INSTRUCTIONS TO FOLLOW:
Retype the line where "Parking Charge Notice" appears and each line that follows it down to the last line of the records below. Leave the pictures out.

MATERIAL PROVIDED:
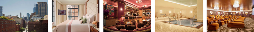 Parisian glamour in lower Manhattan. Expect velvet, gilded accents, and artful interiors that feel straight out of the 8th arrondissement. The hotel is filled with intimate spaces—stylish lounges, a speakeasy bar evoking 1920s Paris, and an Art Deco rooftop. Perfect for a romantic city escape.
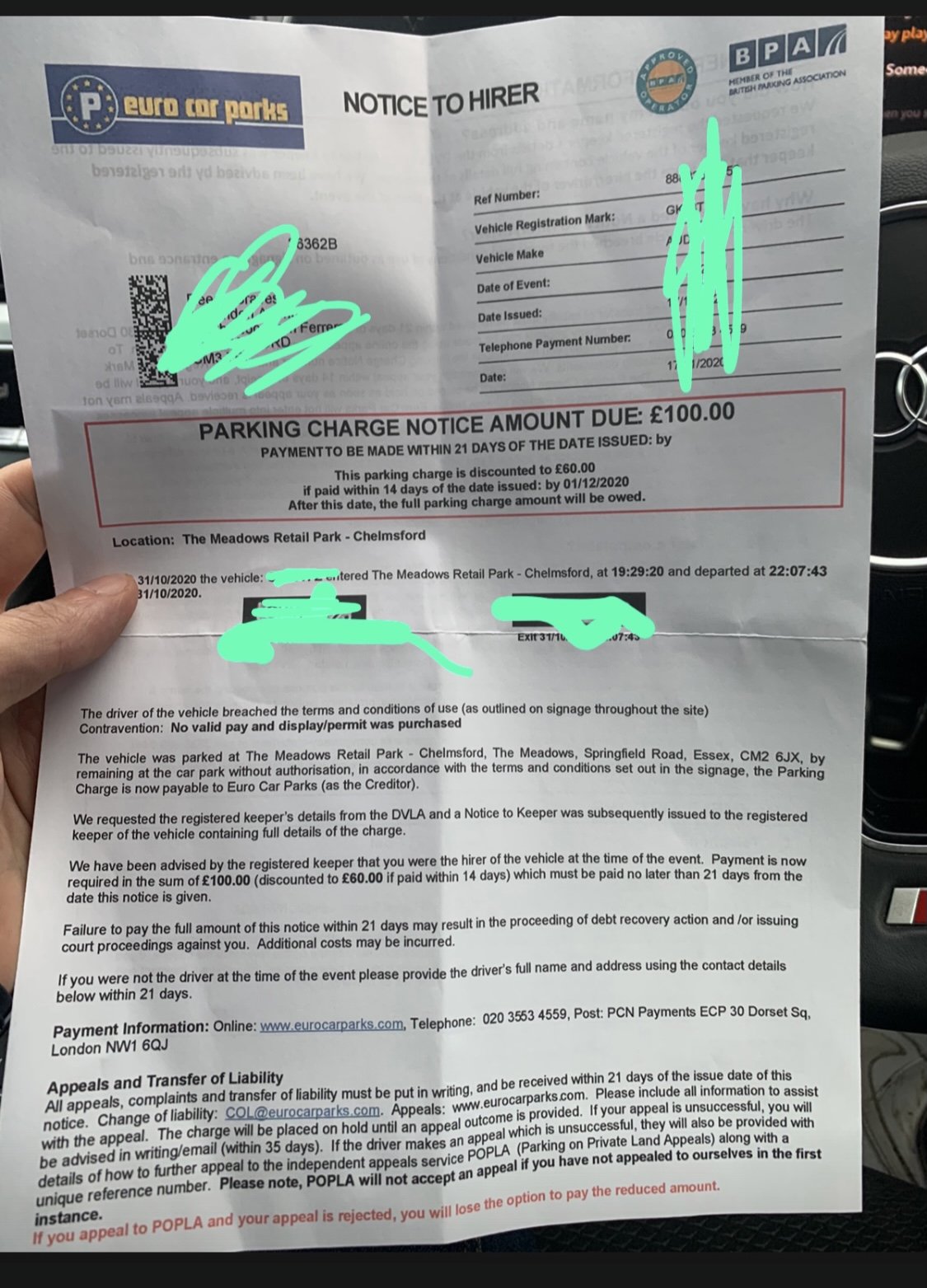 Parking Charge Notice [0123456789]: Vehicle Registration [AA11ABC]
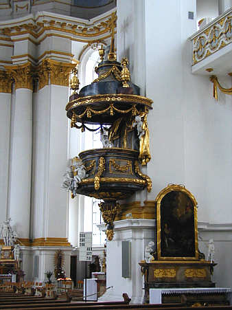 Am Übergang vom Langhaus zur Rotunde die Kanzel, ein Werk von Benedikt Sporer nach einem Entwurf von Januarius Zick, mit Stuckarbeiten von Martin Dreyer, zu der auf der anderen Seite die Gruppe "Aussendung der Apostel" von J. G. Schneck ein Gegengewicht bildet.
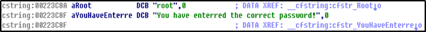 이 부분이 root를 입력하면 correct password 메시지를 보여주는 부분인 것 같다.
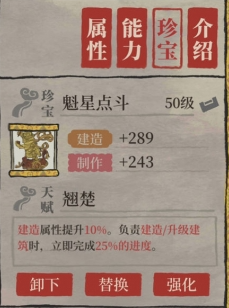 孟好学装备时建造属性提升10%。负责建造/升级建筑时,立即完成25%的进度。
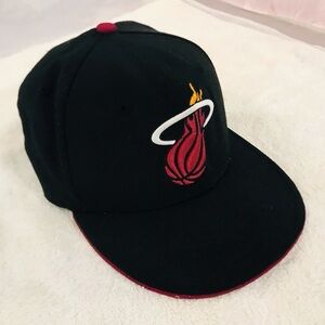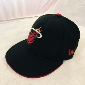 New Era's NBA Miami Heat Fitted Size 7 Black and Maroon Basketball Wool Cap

PROBLEM SOLUTION:
 Parking Charge Notice [0123456789]: Vehicle Registration [AA11ABC]
 Am Übergang vom Langhaus zur Rotunde die Kanzel, ein Werk von Benedikt Sporer nach einem Entwurf von Januarius Zick, mit Stuckarbeiten von Martin Dreyer, zu der auf der anderen Seite die Gruppe "Aussendung der Apostel" von J. G. Schneck ein Gegengewicht bildet.
 이 부분이 root를 입력하면 correct password 메시지를 보여주는 부분인 것 같다.
 孟好学装备时建造属性提升10%。负责建造/升级建筑时,立即完成25%的进度。
 New Era's NBA Miami Heat Fitted Size 7 Black and Maroon Basketball Wool Cap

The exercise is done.